A team of Cornell Tech students, and recent recipients of a Startup Award, built a solution for people to remember what they need for the day — before dashing out the door. The product is called Kipit, a suite of devices that automatically track the items a user has on hand and sends a reminder if they are about to leave anything behind.

Romoli Bakshi, Master in Computer Science ‘18, Adrien Cogny, Master in Operations Research and Information Engineering ‘18, Eliza Harkins, Johnson Cornell Tech MBA ‘18, Sarah Le Cam, Master in Computer Science ‘18, and Zack Bruce, Parsons School of Design, originally started Kipit as an academic project, and are now turning their idea into a company.

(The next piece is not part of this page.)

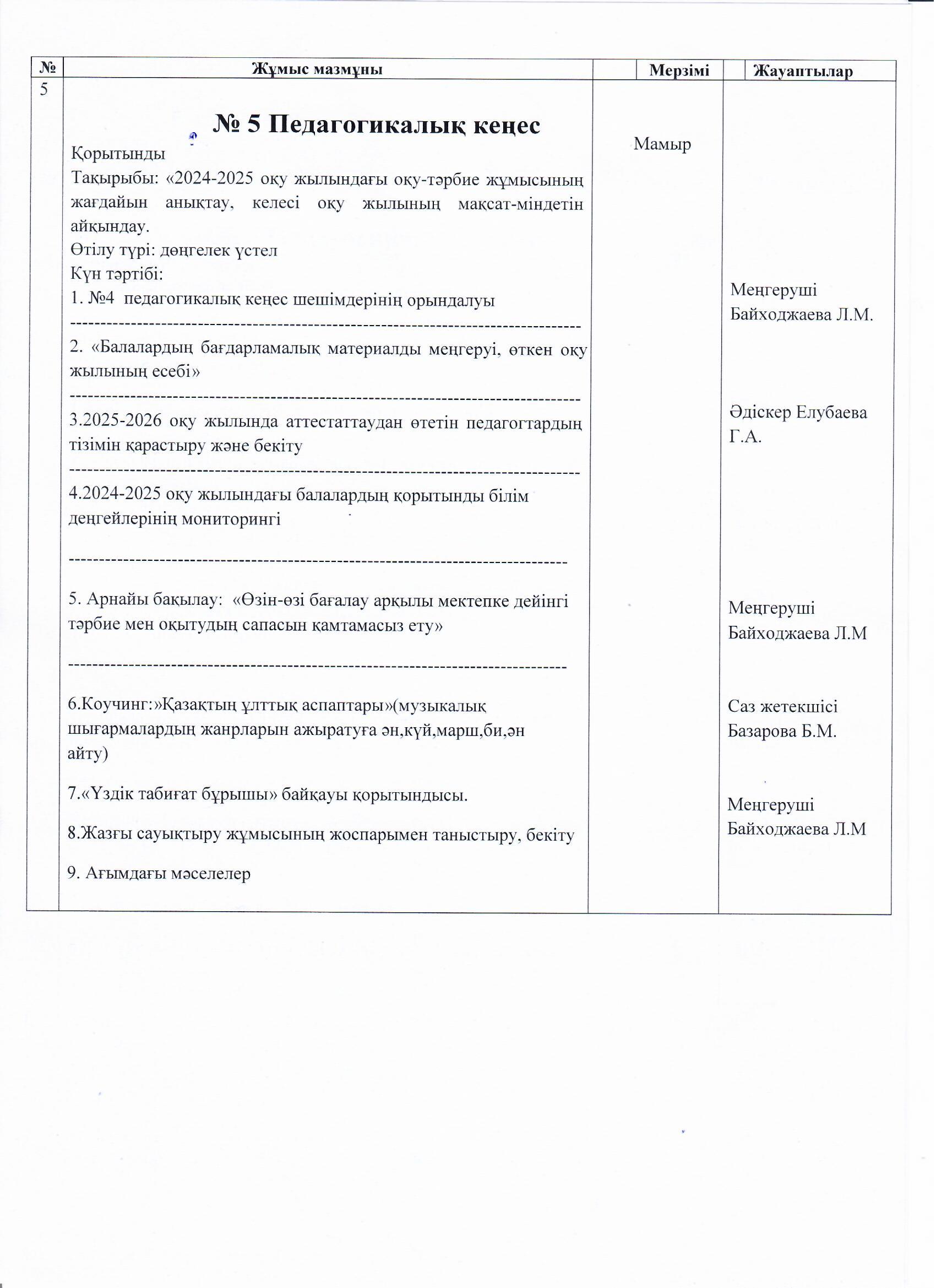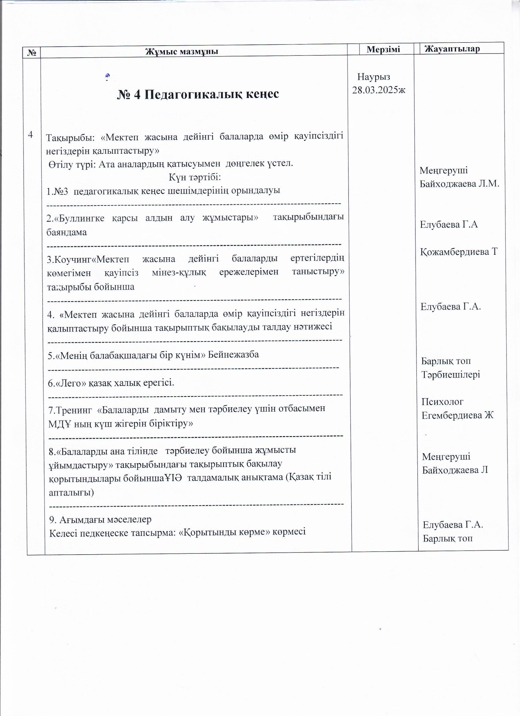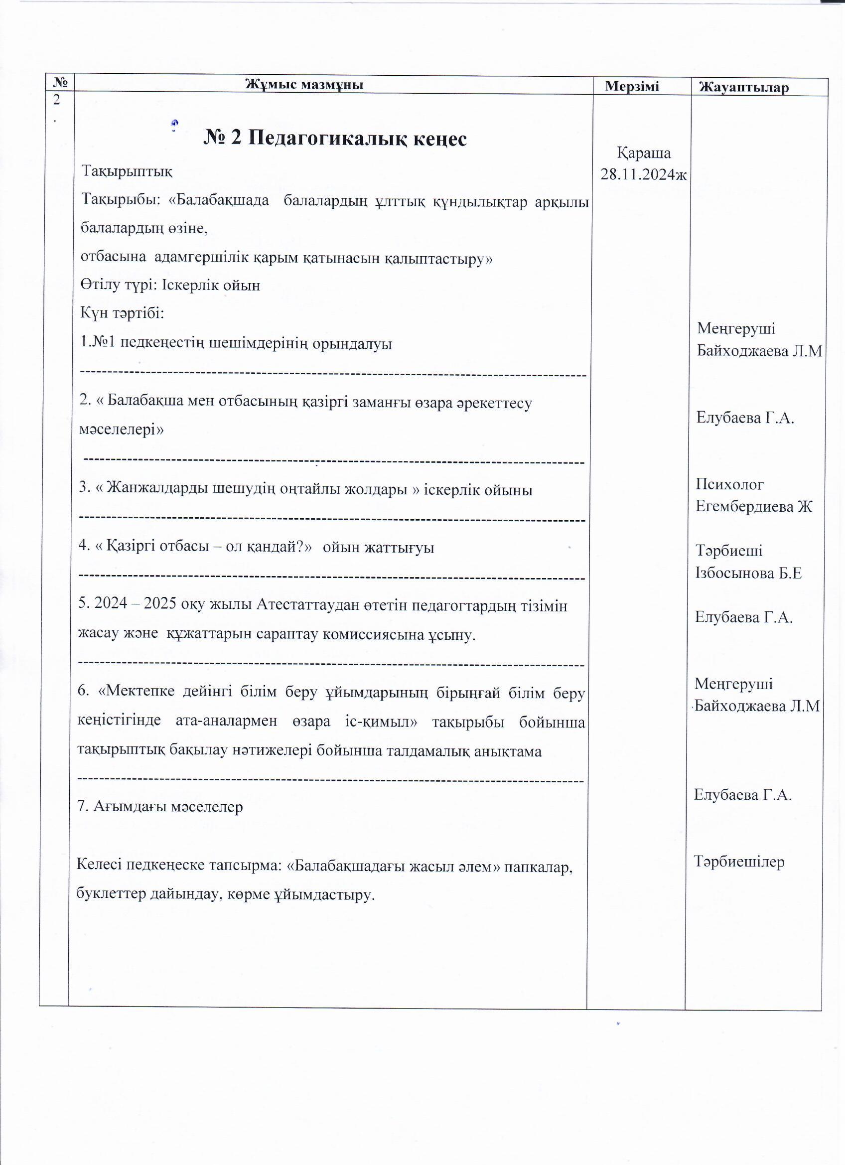 Ұйымдастылырған оқу қызетінің кестелері, күн тәртібі

Using technology to combat forgetfulness

To build Kipit, the team leveraged radio frequency identification (RFID) — a pre-existing technology — in a new way. RFID tags are similar to barcodes, but the digital data stored in the tags is detected using radio frequency waves and can be automatically scanned by a device without human interaction. In the past, large companies have used RFID tags to track inventory and companies like Tile have developed hardware products to help consumers track their personal possessions. Kipit is merging these two concepts together to create a personal inventory system.

When the Cornell Tech team interviewed Tile owners, they learned that they could solve a problem that Tile users still faced. With Tile, a person’s lost item must be within a certain radius and the app is reactive, not proactive, meaning that it helps someone find lost items, rather than ensuring the items don’t get lost in the first place.  In contrast, Kipit will notify someone when they need it most — before they’ve lost or forgotten to pack their item.

After testing paper and digital prototypes with their audience, the Kipit team used the skills they learned at Cornell Tech to build an Arduino RFID scanner — an open-source electronic prototyping platform that is used to create early-stage interactive electronic devices — and an iOS app. When someone puts the Kipit scanner into their bag and places RFID tags on must-have items like keys, a computer, wallet, and phone, the scanner will regularly scan the bag to make sure the items are present. Users input what they need to pack into their Kipit iOS app, which will send a notification if anything from the list is missing. The hardware and software connect via a low-energy Bluetooth connection.

Creating a foundation in Startup Studio

The team credits their Startup Studio experience with helping them develop their strategy, the technology they created, and finding people with the skills to create Kipit.

“[Startup Studio] was a great opportunity that doesn’t exist maybe anywhere else to bring together people of all different backgrounds to work on a project,” says Harkins. The team included people who “think differently and have different perspectives, but all with the same set of values [producing] quality work and building something that really helps people.”

The interdisciplinary nature of the team allows them to better understand how to build the technology and how to turn it into a profitable business. “We have solid fundamentals to work from. We understand the product, the market that we want to operate in, and how to raise money,” says Bruce.

Turning Kipit into a company after graduation

Receiving a Startup Award has supported the team’s transition from a classroom project to a startup. Kipit received pre-seed funding and a co-working space at Cornell Tech where they’ll be able to work with other Startup Studio Award winners. ”We will continue to get great mentorship from the professors and benefit from the interesting Cornell Tech community that is being built,” says Harkins.

Already hard at work, they have started to gauge interest in the product via their website and plan to form partnerships with fashion companies to gain mass appeal. They are currently preparing to begin alpha testing this summer and intend to establish initial manufacturing partnerships by the fall. The Kipit name is a nod to their startup’s goal to help people “keep it together.”